Task to carry out —
Transcription, pictures excluded: write out the data below exactly.

Input data —

----

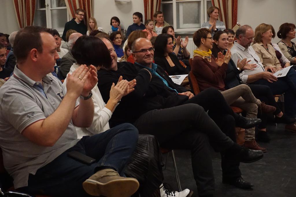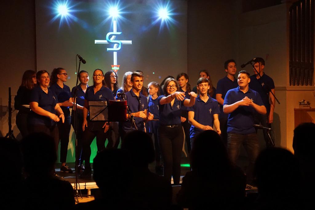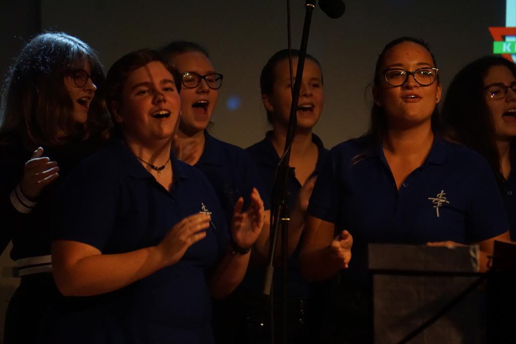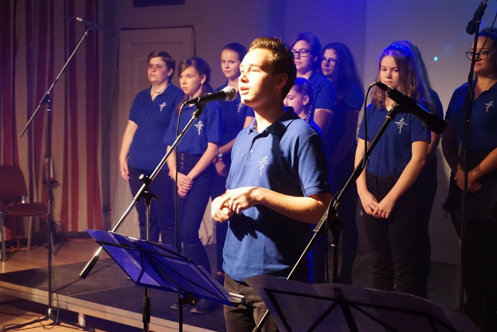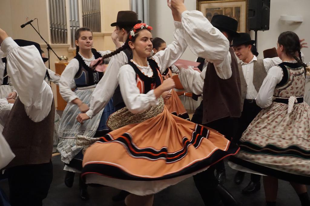 Német vendégeink tiszteletére adtak koncertet a Ten Sing Savariae fiataljai és mutatkoztak be iskolánk néptáncos növendékei. A zenés estre megtelt az evangélikus kápolna nézőtere, s nagy sikert arattak diákjaink.
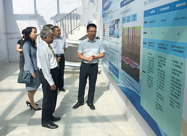 會上,能源公司主要負責同志對灃西新城的綠色發展情況、新能源項目建設情況以及中深層地熱能技術原理及優勢進行了介紹。
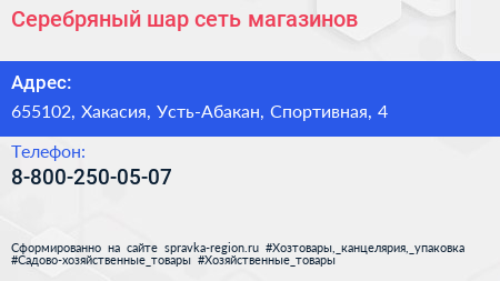 Серебряный шар, сеть магазинов по адресу 655102, Хакасия, Усть-Абакан, Спортивная, 4 в дальнейшем Организация, размещена в следующих категориях:
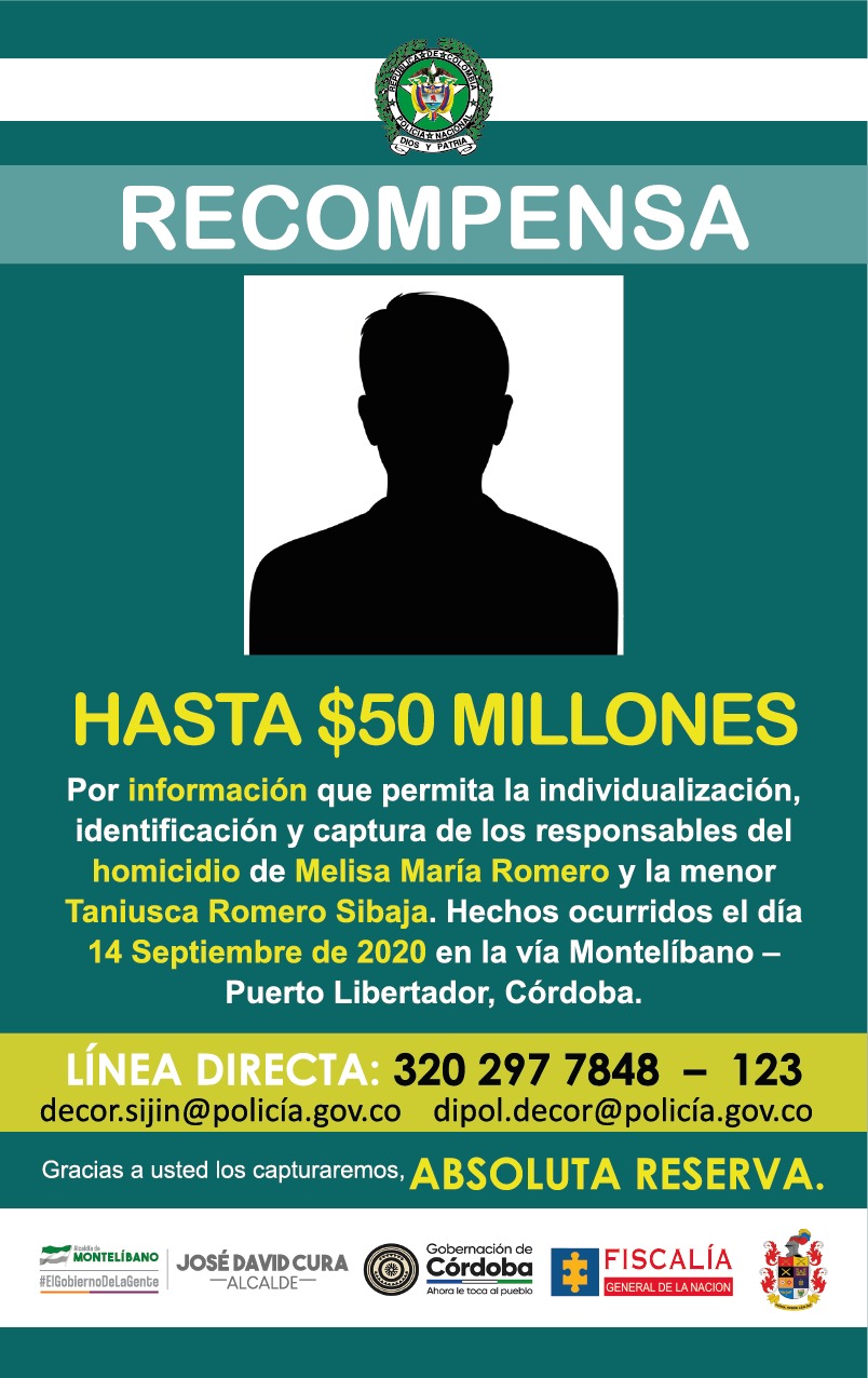 Es así, como se estableció una recomprnsa de hasta 50 millones dr pesos, a quienes puedan suministrar información que permita identificar a los autores y esclarecer los móviles de los homicidios del líder comunal Cristóbal José Ramos y Luis Emilio Díaz Mendoza, hechos ocurridos el pasado 10 de septiembre en el barrio Villa Clemen, así mismo el homicidio de Melisa María Romero y la menor de tan solo 12 años de edad Taniusca Romero Sibaja, víctimas de ateque con arma de fuego en la vía Montelíbano - Puerto Libertador el pasado 14 de septiembre.

----

Problem solution —
 Német vendégeink tiszteletére adtak koncertet a Ten Sing Savariae fiataljai és mutatkoztak be iskolánk néptáncos növendékei. A zenés estre megtelt az evangélikus kápolna nézőtere, s nagy sikert arattak diákjaink.
 會上,能源公司主要負責同志對灃西新城的綠色發展情況、新能源項目建設情況以及中深層地熱能技術原理及優勢進行了介紹。
 Серебряный шар, сеть магазинов по адресу 655102, Хакасия, Усть-Абакан, Спортивная, 4 в дальнейшем Организация, размещена в следующих категориях:
 Es así, como se estableció una recomprnsa de hasta 50 millones dr pesos, a quienes puedan suministrar información que permita identificar a los autores y esclarecer los móviles de los homicidios del líder comunal Cristóbal José Ramos y Luis Emilio Díaz Mendoza, hechos ocurridos el pasado 10 de septiembre en el barrio Villa Clemen, así mismo el homicidio de Melisa María Romero y la menor de tan solo 12 años de edad Taniusca Romero Sibaja, víctimas de ateque con arma de fuego en la vía Montelíbano - Puerto Libertador el pasado 14 de septiembre.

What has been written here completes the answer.